The Annual Rare Disease Desert Symposium was held at the Icagen Tucson Innovation Center beginning February 26, 2018. Attendees from Genea Biocells were interested to learn more about Icagen, tour its drug development and screening facilities, and meet with key staff members. The conference hosted speakers focused on a wide range of rare disease-related topics and included emphases on disease modeling, drug development, clinical trial design, and patient advocacy. The symposium’s excellent scientific research imparted remarkable hope because, as Icagen’s Senior Vice President Ken Wertman remarked, “As is the case with Rare Disease Research, when we’re guided by genetic insight, the probability that what we’re doing is on target is greatly enhanced, and the potential to have an impact on people is similarly enhanced.”

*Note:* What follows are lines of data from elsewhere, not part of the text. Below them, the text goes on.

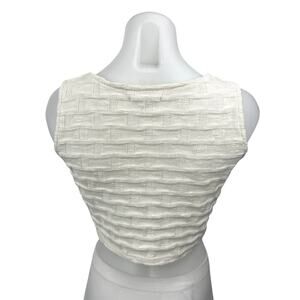 Madewell White Basketweave Stitch Sleeveless V-neck Button Crop Top Vest Size XXS
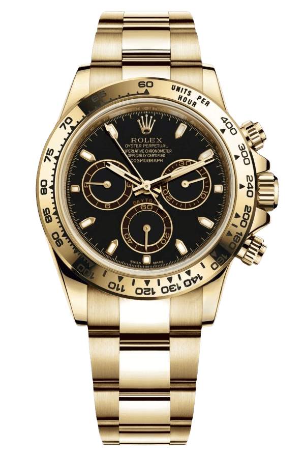 Rolex Daytona Black Dial Super Clone SwissReplica Watch 18kGold Bracelet Ref 116508-4130 Swiss Movement
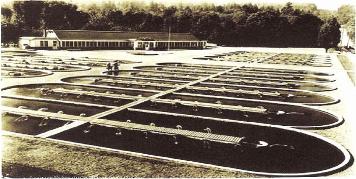 ![]() Alg üretim tankları Yoğun üretim tanklarında, verilecek olan gübrenin oranı ve veriliş sıklığı kültürün gelişimini kontrol ettiğinden, Tablo 2'de de görüldüğü gibi standart gübrenin üçte biri, üç günde bir olmak üzere tanklara verilir. Hedeflenen yoğunluğa ulaşan alg kültür, rotifer beslemede veya muhafaza amacıyla konsantre edilmeden önce sıcaklığı kontrol edilebilen tanklara transfer edilir. AIg kültürünün bir tanktan diğerine nakli spiral hortum takılmış olan dalgıç pompalarla yapılmaktadır. Bu işlem sırasında hortumun ucuna yerleştirilen 45 mikronluk plankton kepçesi ile alg filtre edilir. HÜCRE SAYIMI: Fitoplanktonun hücre sayımı biyolojik mikroskop altında sayım kamarası (hemasitometre) kullanılarak yapılır. Sayım karnarası ortasında kalın dikdörtgen veya H şeklinde sayılacak fitoplankton hücrelerinin yerleştirileceği dairesel girintiler içerir. Kamaranın tipine göre derinliği 0.1 mm olan bir odacık oluşturan bir veya iki sayım alanı bulunur. Sayım amacıyla her bir kültür tankından alınan üçer örnek iyice karıştırılır. Pastör pipet kullanılarak örnekten bir damla sayım kamarasındaki odacığa tespit edilir. Örneğin sayım odacığına yerleştirilmesinde aşağıdaki hususlara 'Sayım kamarası temizlenir ve %90'lık alkol içerisine konur. Kesinlikle toz ve yağdan arındırılmalıdır. . Lamel sayım kamarasının ölçümlendirilmiş (cetvelli) kısmına yerleştirilir. 'Bir damla örnek (lamelin karşılıklı kenarlarına kadar yayılacak miktarda) lamelin üstüne damlatılarak sayım odacığının içerisine girmesi sağlanır. 'Örnek taşmaya sebep olacak kadar fazla veya sayım odacığını tam doldurmayacak kadar az olmamalıdır. -Petri kutusunun içerisine Örneğin buharlaşmasını önlemek için bir parça ıslak kağıt yerleştirilir. Sayım kamarası petri içerisine konarak hücrelerin çökmesi için 5 dakika bekletilir. Fitoplankton sayımında yaygın olarak, ölçümlendirme ve ebatlarına göre üç tip kamara kullanılmaktadır. Thoma tip sayım kamarasında en büyük karenin ebatları 1 mm x 1 mm' dir. Burker-Turk tipinde 3 mm x 3mm ve Neubauer Bu sayım odacığı büyük, orta ve küçük karelere sahiptir (Şekil 3 A, B ve C). Büyük karenin alanı (Şekil 3 A) Imm x Imm'dir. Büyük bir karede genellikle 16 veya 25 orta büyüklükte kare (Şekil 3 B) bulunurken, orta büyüklükte bir kare de 25 adet küçük kareye (Şekil 3 C) sahip.tir. Rastgele 5 tane orta (B) büyüklükte kare seçilerek, bu karelerde kalın çizgilerle çevrelenmiş olan alan içerisinde kalan tüm hücreler mikroskop altında 200-400 kez büyütülerek sayılır (Şekil 3). Eğer kültürün hücre yoğunluğu düşük ise büyük kare (A) içersindeki tüm hücreler sayılır. Sayımı yapılan kareyi çevreleyen üst ve sol kenar çizgisine dokunan hücreler sayılırken, alt ve sağ kenar çizgisine dokunanlar sayılmaz. ![]() büyük havuzlar içerisinde alg üretimi -Orta büyüklükteki S karede sayılan toplam hücre sayısı: NI + N2 + N3 + N4 + N5 • Buna göre fitoplankton hücre yoğunluğu (hücre/ml) aşağıdaki şekilde hesaplanabilir

In line with Genea Biocells’ focus on therapeutics development for rare muscle disorders using pluripotent stem cells, of special interest to our staff were talks related to stem cell-derived models of diseases including ALS (Rita Sattler, Barrow Neurological Institute), pediatric epilepsy (Evangelos Kiskinis, Northwestern University), frontotemporal dementia (Justin Ichida, USC), and Duchenne’s Muscular Dystrophy (Rita Perlingeiro, University of Minnesota) . Talks on the pathophysiology of and treatment strategies for muscle diseases were also especially informative for our scientists. They learned, for instance, about genetic modifiers of disease identified in muscular dystrophy-affected dogs (Lou Kunkel, Harvard), 3-D modeling of the DUX4 protein to identify drug targets for FSHD (Michael Kyba, University of Minnesota), how mutations in proteins involved in nuclear structural support cause Emery-Dreifuss MD (Sue Shackleton, University of Leicester), drugs that inhibit the production of toxic RNA in Myotonic Dystrophy mouse models (Andy Berglund, University of Florida), and many other exciting findings.

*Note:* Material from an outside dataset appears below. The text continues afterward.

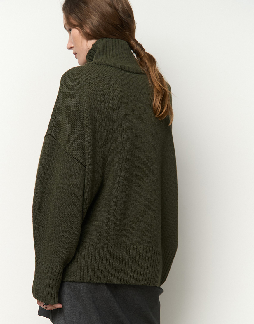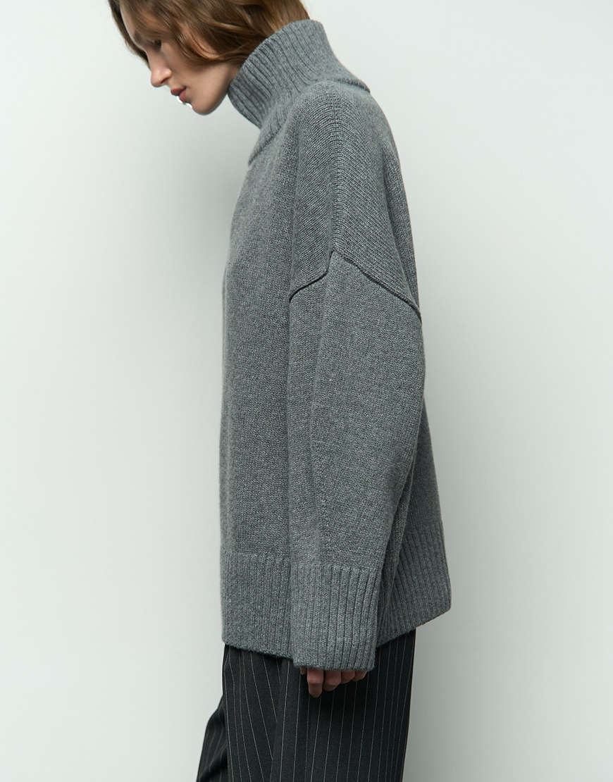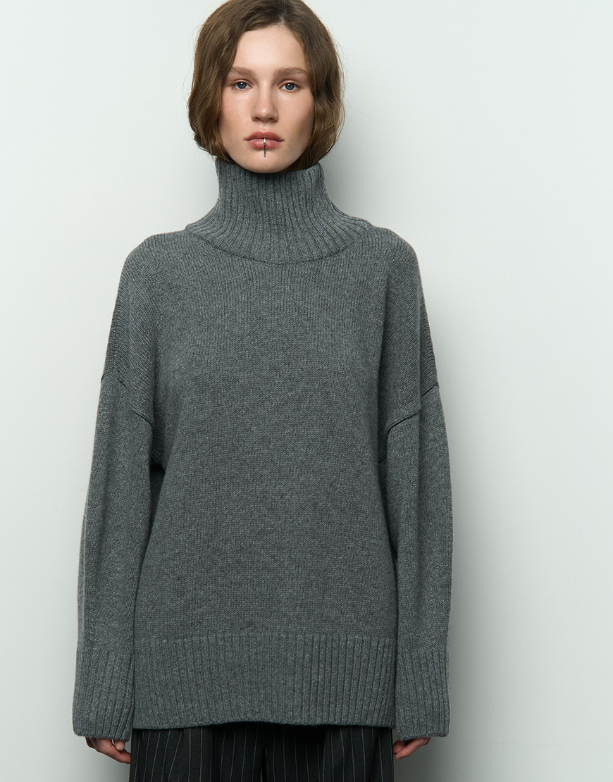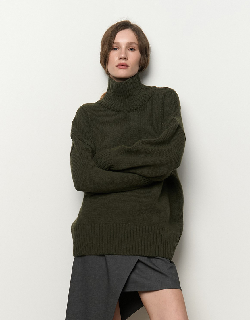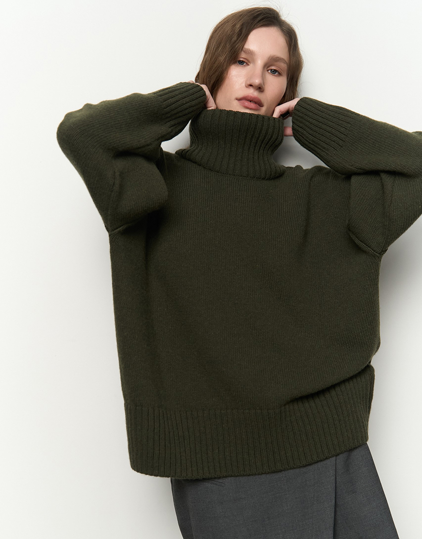 Mellow з високою горловиною. Матеріал цієї моделі – високоякісна вовна з невеликим відсотком віскози та поліаміду, завдяки чому гарно виріб тримає форму, має чудові теплоізоляційні властивості та гарну зносостійкість. Светр виконаний гладкою

In addition to the scientific research presented at the meeting, our staff appreciated the emphasis that Icagen and attendees placed on the importance of rare disease patients’ involvement in the development of successful therapies. As Immunogen CEO Richard Gregory put it, “Patients have a fundamental role in all aspects of drug discovery.” This point was emphasized by Icagen’s donation of half of all conference registration fees to patient advocacy groups. Attendees also heard from Emily Kamer-Golinkoff’s about her inspiring experience as Co-Founder of Emily’s Entourage, a patient advocacy organization focused on finding a treatment for her and the 70,000 others suffering from Cystic Fibrosis. Overall, the conference was fascinating, informative, and focused on research like that at Genea, aimed at improving the lives of those affected by rare disease.